Employers and their employees with H-1B, Ls or Os pending for many months or more than a year have the option of going into federal district court in order to get their petitions adjudicated by USCIS. Similarly, foreign nationals and their US citizen husbands or wives with marriage cases (or other relative petitions), as well as applications for adjustment to permanent residency, that have been delayed for years have the option of going into federal court. The employer or individuals, though an attorney, may file a petition for a writ of mandamus in the federal district court in order to force USCIS to promptly make a decision on the case. See 28 U.S.C. 1361.

The petition for a writ of mandamus may also be used effectively with large groups of immigrants negatively affected by US government processing delays. An example would be the preliminary injunction issued by the federal judge in Afghan and Iraqi Allies v. Pompeo, 1:18-cv-01388-TSC (D. District of Columbia) where the government was taking more than three to five years (since the case has been ongoing, it is now four to six years) to adjudicate SIV (Special Immigrant Visa) applications on behalf of Afghans and Iraqis who had worked on behalf of the US government, for example as interpreters for the US Armed Forces, in very dangerous conditions. These brave individuals had risked their lives in the service of the US government, how could the same US government delay their applications to come to the US for three or more years?

Regarding petitions for writ of mandamus filed by employers or individual family members, the US Attorneys Office often tries to settle these cases, and just have USCIS adjudicate the case and quickly issue a decision. Thus, it is an effective means to get an answer on a case where the government has been sitting and not doing its job. You will not see much published case law on writs of mandamus precisely for that reason, that the government is usually anxious to settle.

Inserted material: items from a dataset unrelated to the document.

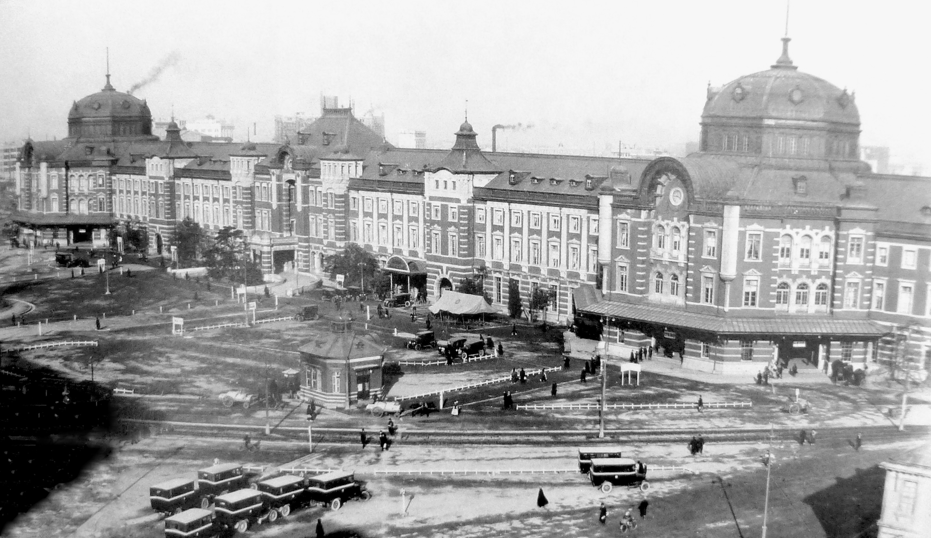 Old Tokyo Station (Marunouchi building) [Lower left was digitally altered to reduce reproduction errors.]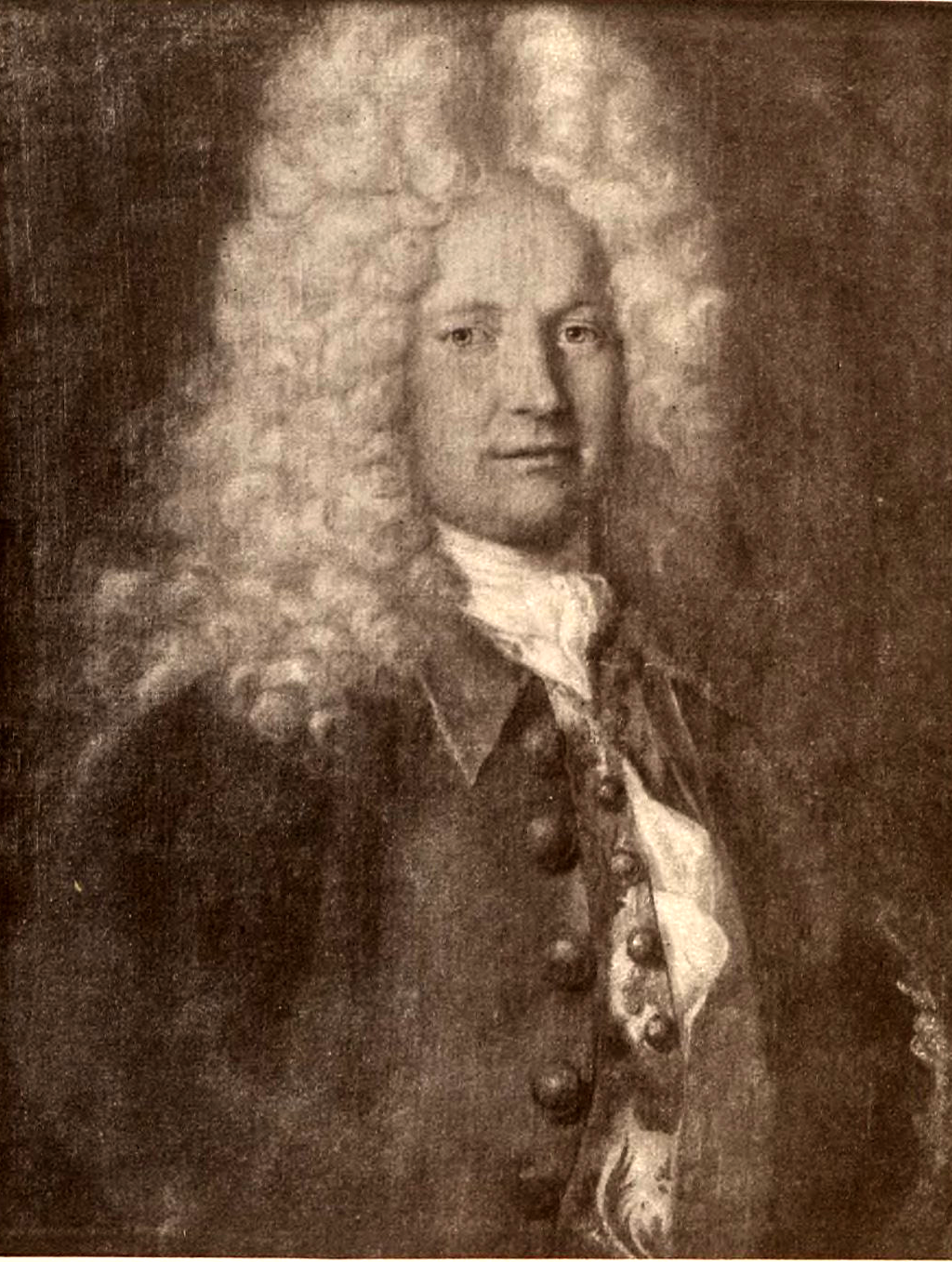 Josias Cederhielm (1673-1729) swedish diplomat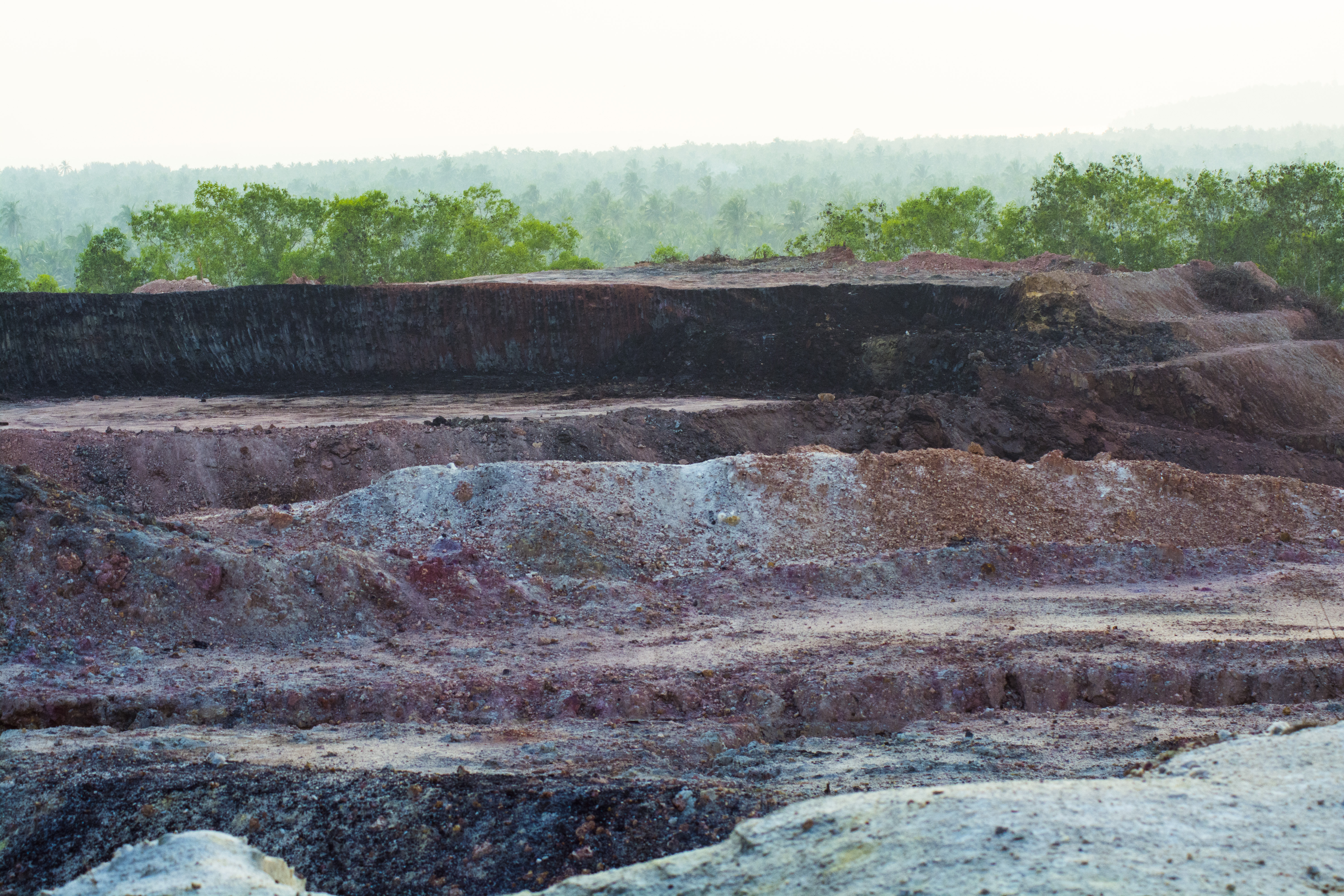 Clay mining at Madayippaara in Kannur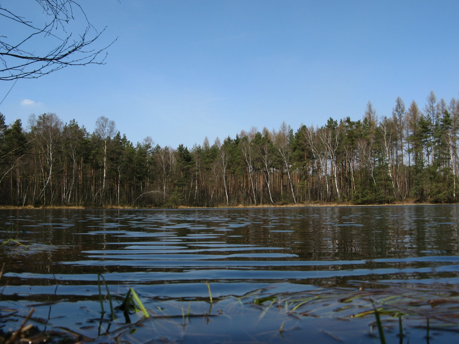 Black Pond in Niepołomice Forest.

What do you need to be able to file for a writ of mandamus? First, you need a meritorious case that is thoroughly documented. The writ of mandamus only gets the government to adjudicate your case, the petition does not ask that it be approved. Basically, you are saying that it is the government’s job to adjudicate immigration cases, this case has been pending for an unreasonable amount of time, and the judge should tell the government to do its job and make a decision on the case.

Second, you need to show that you have made many efforts to get the USCIS or DHS to adjudicate your case – by writing letters, calling, making infopass appointments, etc., but the USCIS has still not given you an answer. One of the requirements for a writ of mandamus is to show “exhaustion of administrative remedies”. This means that, before going into federal court, you made every effort to repeatedly try to get the government to made a decision on your case, so you have “exhausted” every other avenue and going to federal court is a last resort.

Third, you need to show that the delay is “unreasonable”. How long a delay must be to be “unreasonable” depends on the particular facts of the case. In certain cases, the case may be delayed months or years past what USCIS has published is their current processing time (you can find processing times on their web site at USCIS.gov). However, the posted USCIS processing time may itself be unreasonable if it is contrary to Congress’s intention in the statute or longer than specified by federal regulations. A delay may also be unreasonable where the petitioner employer, beneficiary employee or family member petitioners or applicants may be harmed because of the delay. For example, with our brave Afghan and Iraqi interpreters and other personnel who worked for the US military and government, they or their family members may be gravely injured or killed by the Taliban or other anti-American groups while the US government dawdles in adjudicating their cases. Another example is an employer who needs an H-1B worker to start a project by a certain date, otherwise the company will suffer a great economic loss, not only on the particular project but perhaps also lose future business of the client.

Fourth, as mentioned above, you cannot ask the federal court for an approval, you can only ask under the writ of mandamus for a decision. Should the case be denied, you would have to file separately in federal court to challenge the denial.

Filing in federal court is complex and time consuming, and you will need a competent immigration attorney to assist you.